[What is expected]
Leave out the pictures and set down the rest of the listing below word for word.

[Collected material]
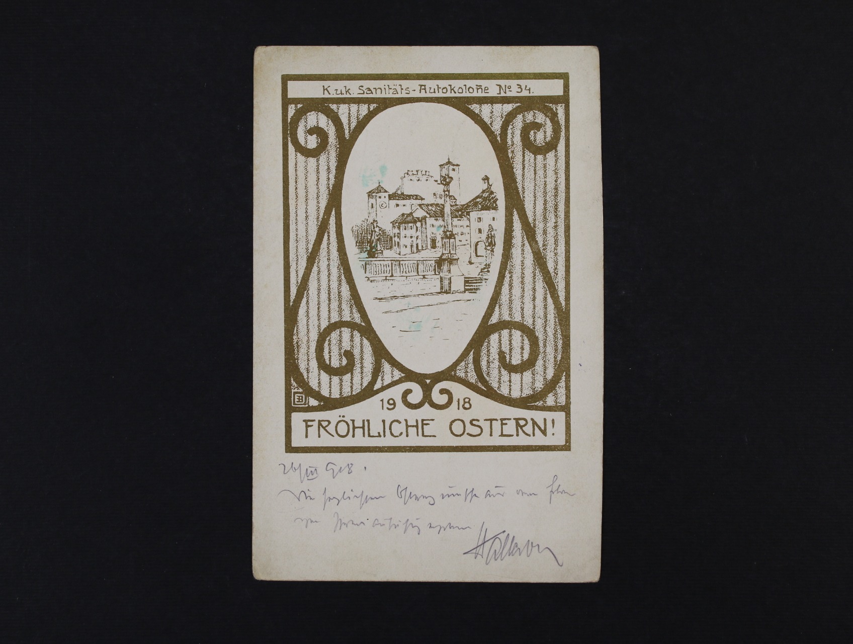1454 Vojenské - jednobar. koláž K.u.K. Sanitäts Autokolone No. 34, použitá 1918, dobrá kvalita 200
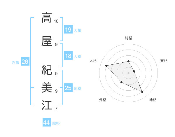 高屋 紀美江さんを姓名の画数から五運を鑑定
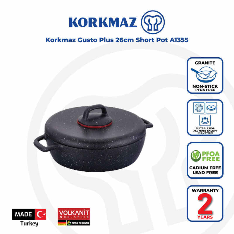 Korkmaz Ornella Non-Stick Cooking Pot - 26x7cm, Free From PFOA, Cadmium, and Lead, Made in Turkey

[Output of the task]
1454 Vojenské - jednobar. koláž K.u.K. Sanitäts Autokolone No. 34, použitá 1918, dobrá kvalita 200
 高屋 紀美江さんを姓名の画数から五運を鑑定
 Korkmaz Ornella Non-Stick Cooking Pot - 26x7cm, Free From PFOA, Cadmium, and Lead, Made in Turkey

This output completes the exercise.